PORT ALBERNI, B.C. — After investigating a complaint regarding BC Timber Sales’ (BCTS) logging of large old growth trees in the Nahmint River Watershed, officials have concluded the group’s forest stewardship plan does not align with the Vancouver Island Higher Level Plan Order and does not properly preserve old forest and biodiversity values in some ecosystems.
“The 2001 Vancouver Island Land Use Plan Order sets specific objectives for conserving biodiversity,” said Kevin Kriese, chair of the Forest Practices Board, in a statement. “More detailed landscape unit planning was supposed to provide clear direction on how much and where to conserve old and mature forest, but that planning was never completed. BCTS was left with a complicated set of legal objectives to interpret, and we found it missed important details that are required to manage for biodiversity in the Nahmint.”
In the plan, BCTS decided to conserve a minimum amount of old forests in biogeoclimatic zone variants, but the Vancouver Island Land Use Plan Order mandates it to conserve old forest in each site series, a finer scale of classification that captures a wider range of the diversity of the ecosystems found in the area.
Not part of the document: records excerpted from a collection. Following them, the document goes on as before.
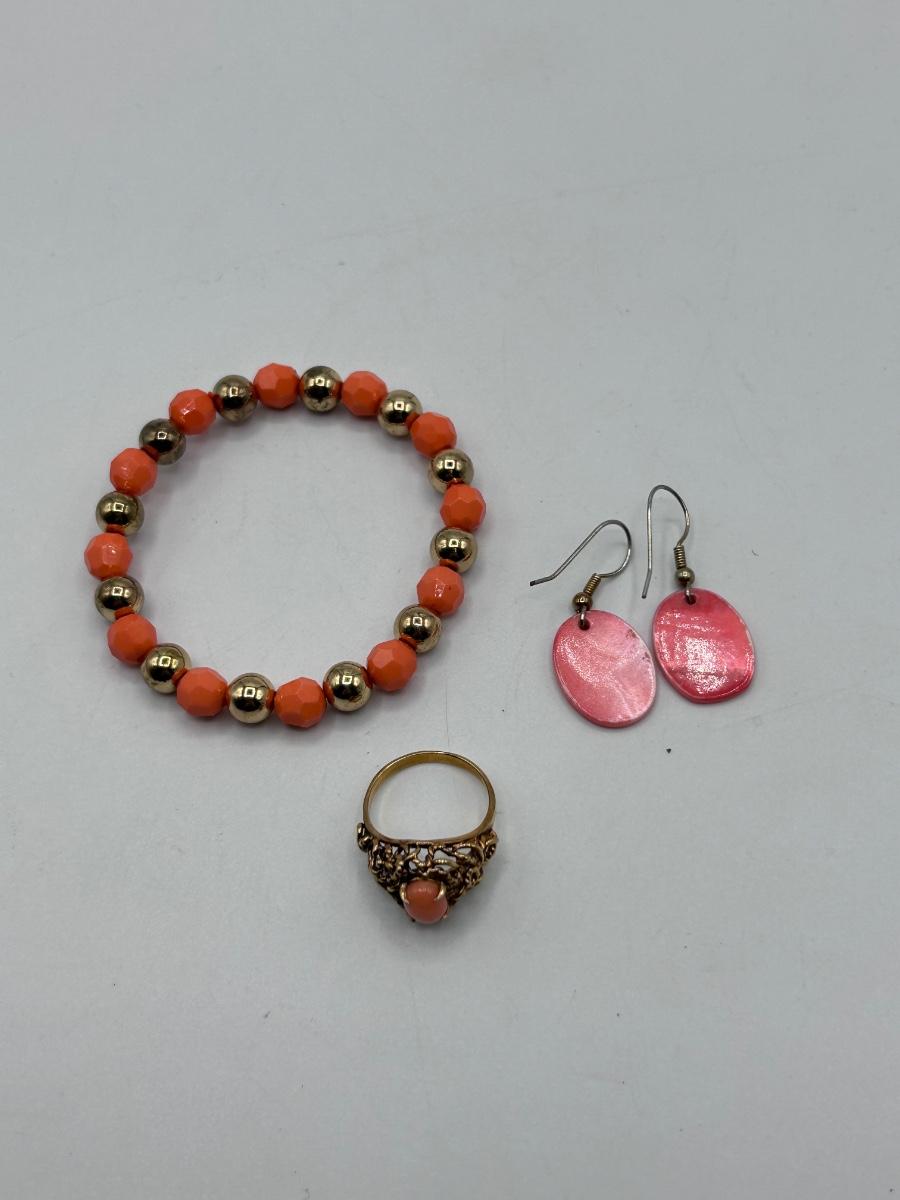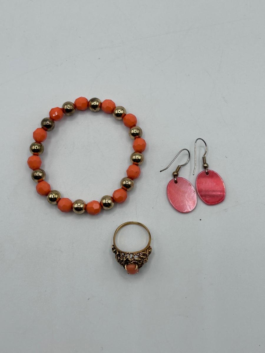 Three Piece Gold Tone and Coral Colored Jewelry Lot Ring Stretch Bracelet Earrings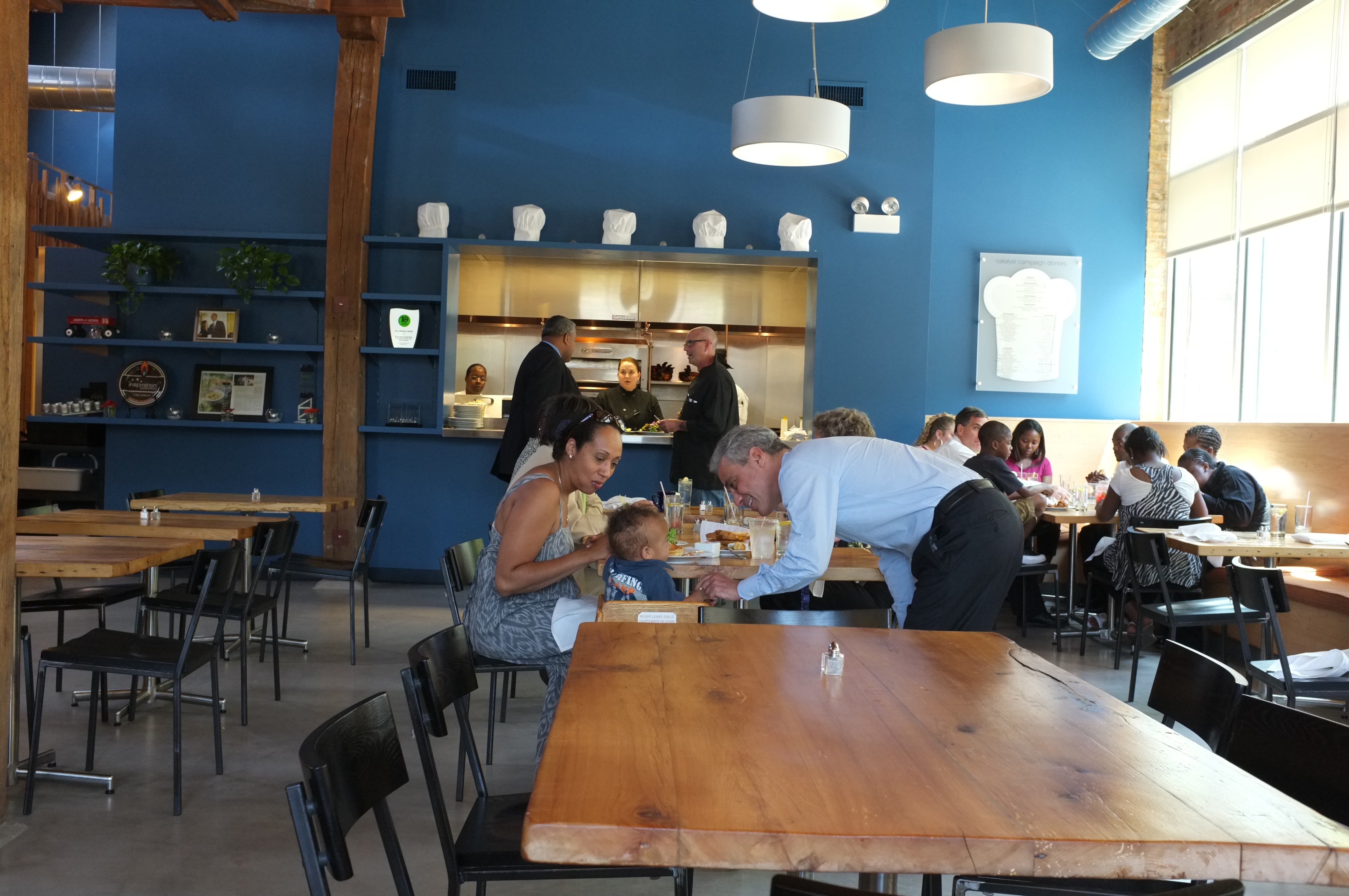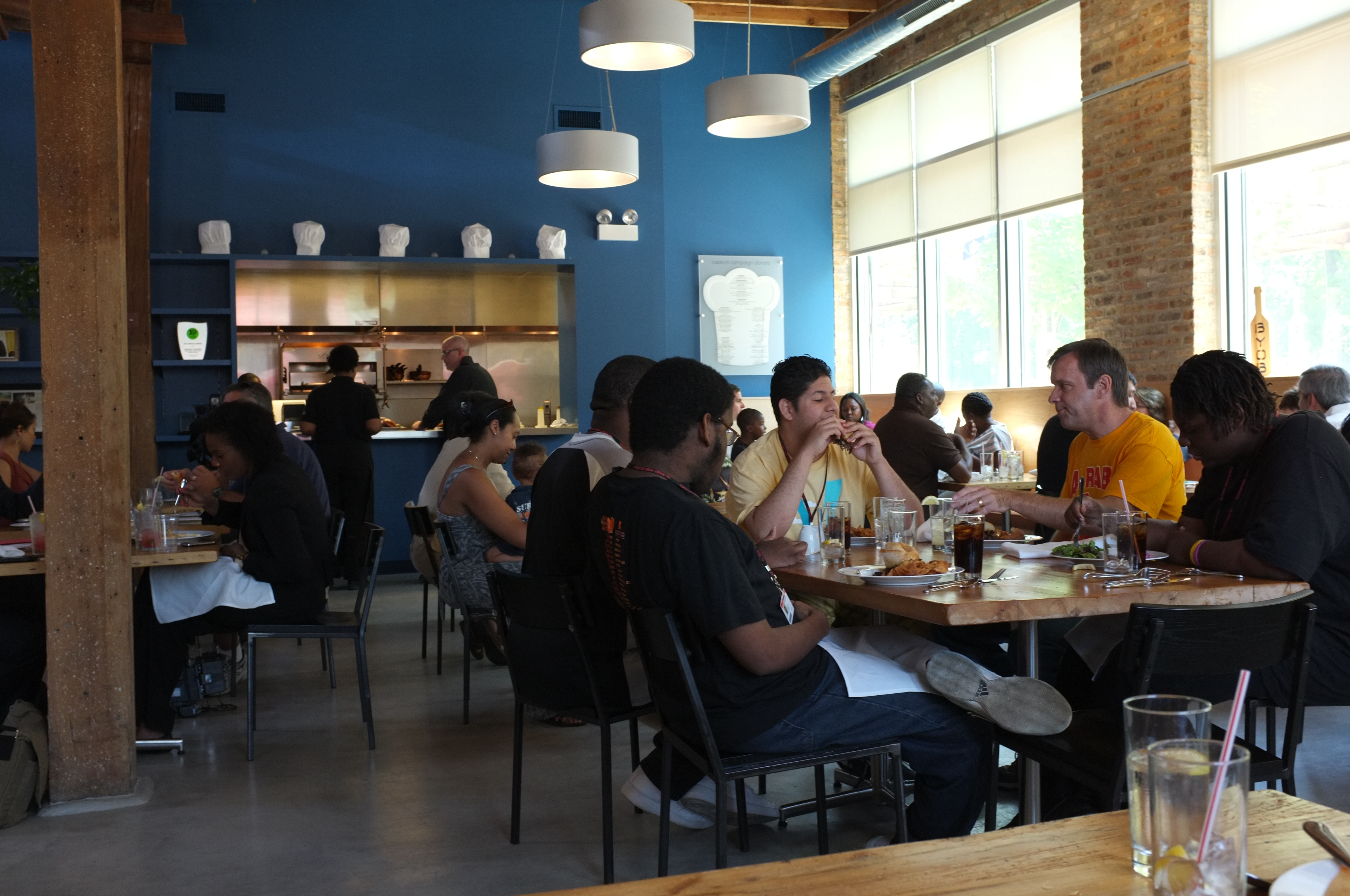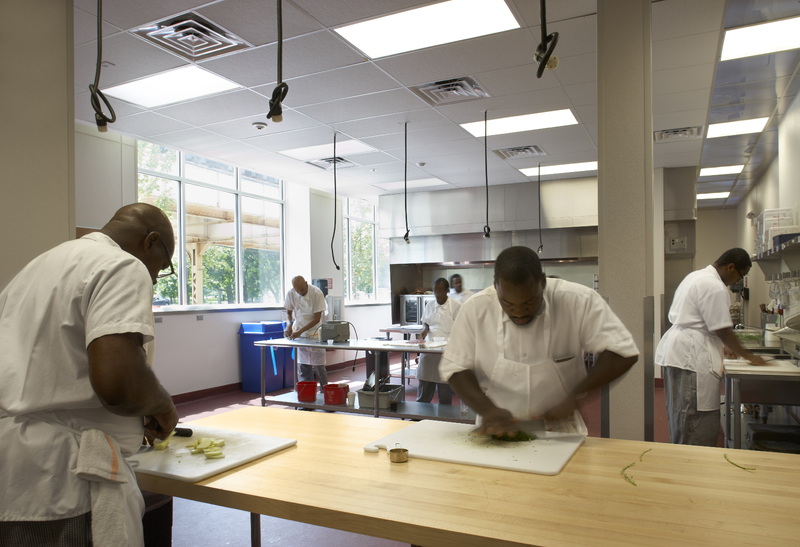 Inspiration Kitchens-Garfield Park (IKGP) repurposed a former factory in one of Chicago’s poorest neighborhoods into a restaurant. The fresh, healthy food in the 80-seat restaurant is prepared by students in IKGP’s award-winning food service training program, which provides a life-changing opportunity and counseling and support services for area residents struggling with poverty and homelessness. The restaurant also offers vouchers for free meals to local low-income residents.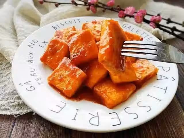 老豆腐250克,番茄沙司30克,黑醋2小勺,白糖1小勺,澱粉1小勺,清水3-4小勺,白芝麻適量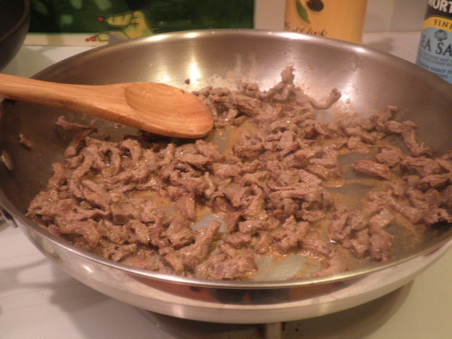 - 3/4 lb leftover steak, cut into thin, bite-size morsels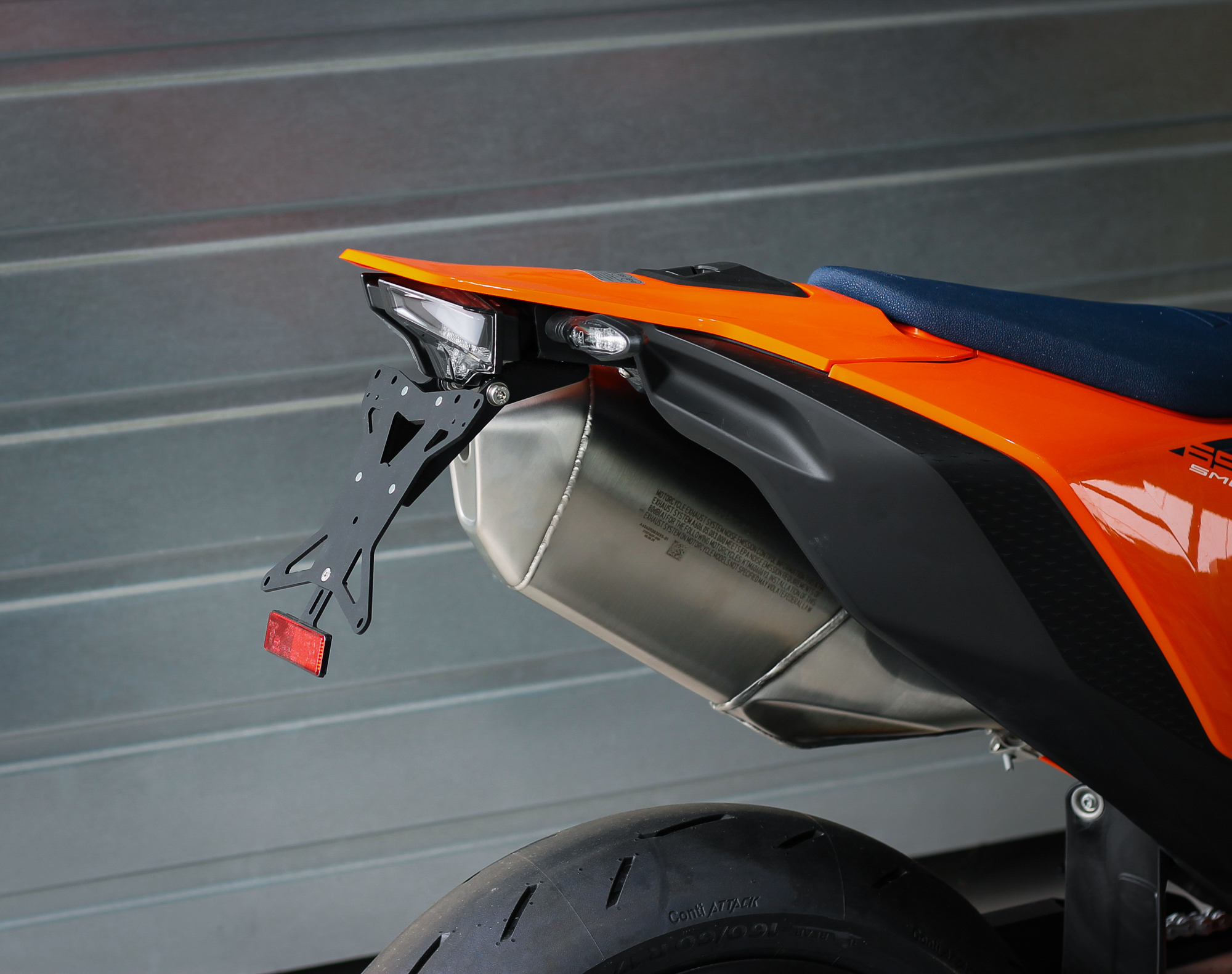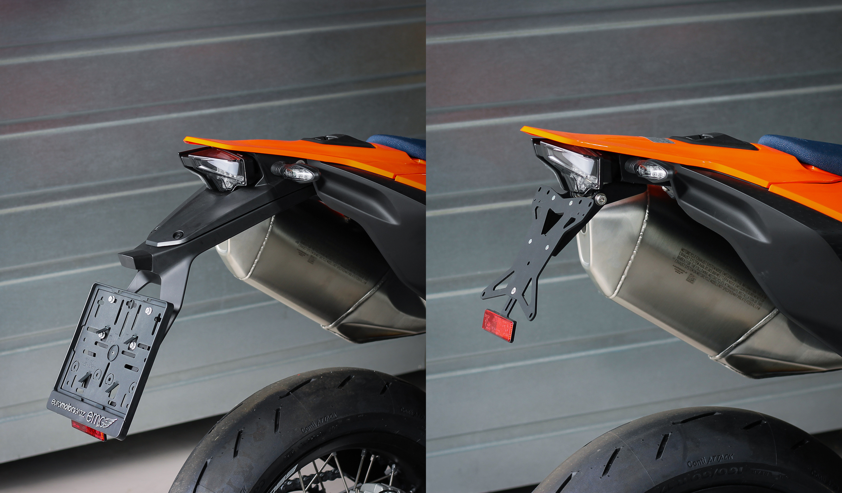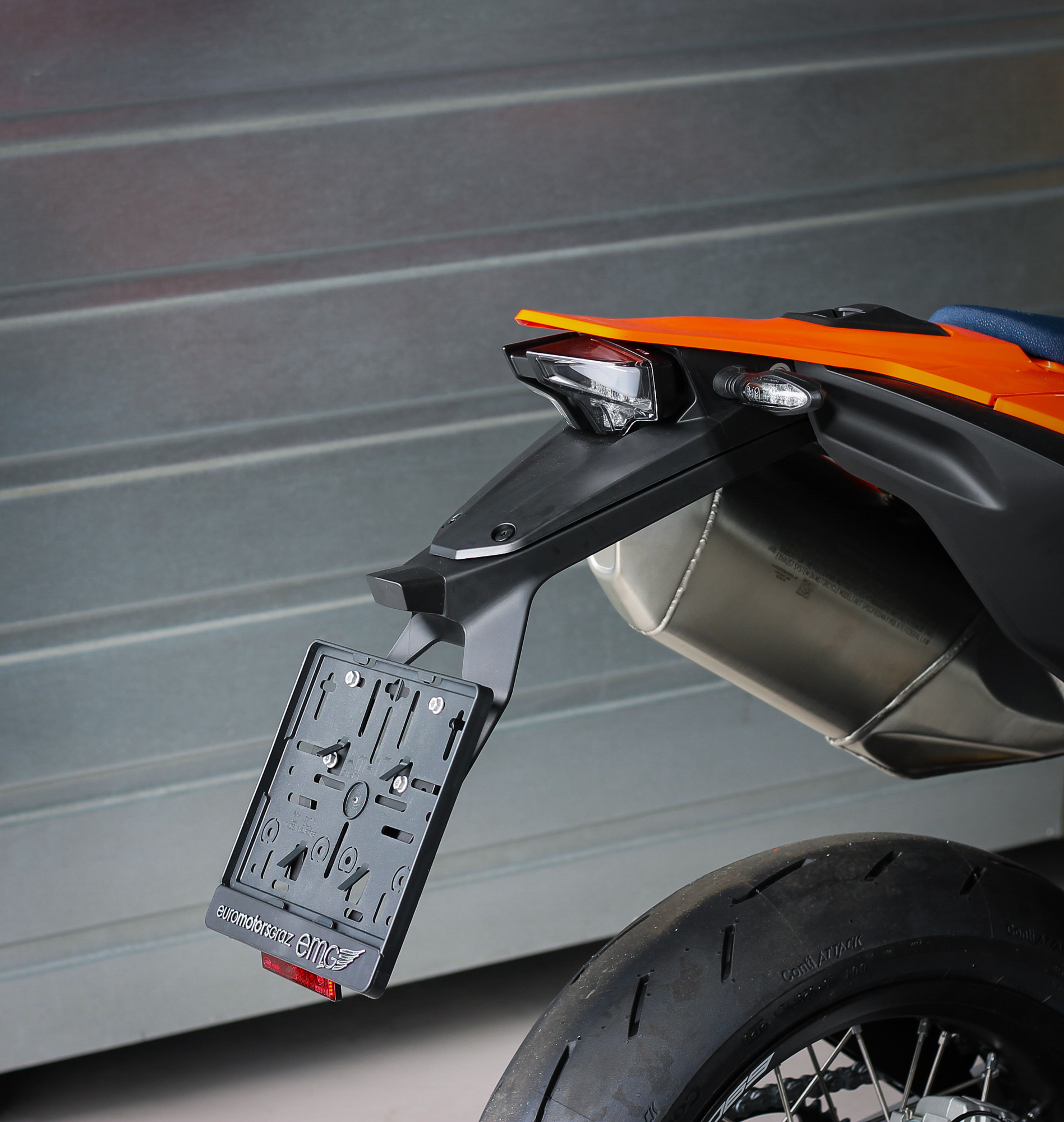 Der hochwertige MG Biketec Kennzeichenhalter passend für KTM 690 SMC R ab 2019 - 2023 überzeugt durch ein kurzes, kompaktes und modernes Design. Durch die präzise CNC-gefräste Aluminiumkonstruktion ist der Kennzeichenträger besonders robust und dennoch extrem leicht, wodurch Sie eine Gewichtsersparnis von 950 g erreichen. Die matt-schwarz eloxierte Oberfläche schützt dauerhaft vor Witterungseinflüssen und verleiht Ihrem Motorrad einen edlen Look. Der Kennzeichenwinkel lässt sich individuell einstellen, um die optimale Ausrichtung und Ästhetik zu erzielen. Die Montage gestaltet sich einfach – lediglich ein Stecker muss getrennt werden.

“BCTS’s FSP did not meet the legal objective, and it should not have been approved. We looked at the remaining forest in the watershed and found there are some ecosystems that could be at risk if more logging takes place in them,” Kriese said.
The FSP recommends the province conduct landscape unit planning to specify the amounts of forest to retain in different site series and that BCTS amend its plans to align with legal objectives. It also recommends BCTS ensure it does not sell any timber sales in these high-risk ecosystems until the landscape unit plan is completed.
The investigation was launched after a complaint from Ancient Forest Alliance whose members saw BCTS licensees harvesting large old trees in 2018.
They also raised concerns about the adequacy of a government investigation of the matter. The board found that government’s investigation was reasonable.
However, the current legislation limits the ability to enforce the provisions of the Vancouver Island Higher Level Plan Order.
“The current legal framework does not permit government to ensure that FSPs approved in error can be amended, and this does not give the public confidence in government’s compliance and enforcement,” Kriese said. “We are recommending government fix this gap in the legislation.”
The Nahmint River Watershed is about 20 kilometres southwest of Port Alberni and covers 19,950 hectares. It begins at Alberni Inlet and extends northwest, surrounding the Nahmint River and Nahmint Lake. It is within the traditional territory of the Nuu-chah-nulth people.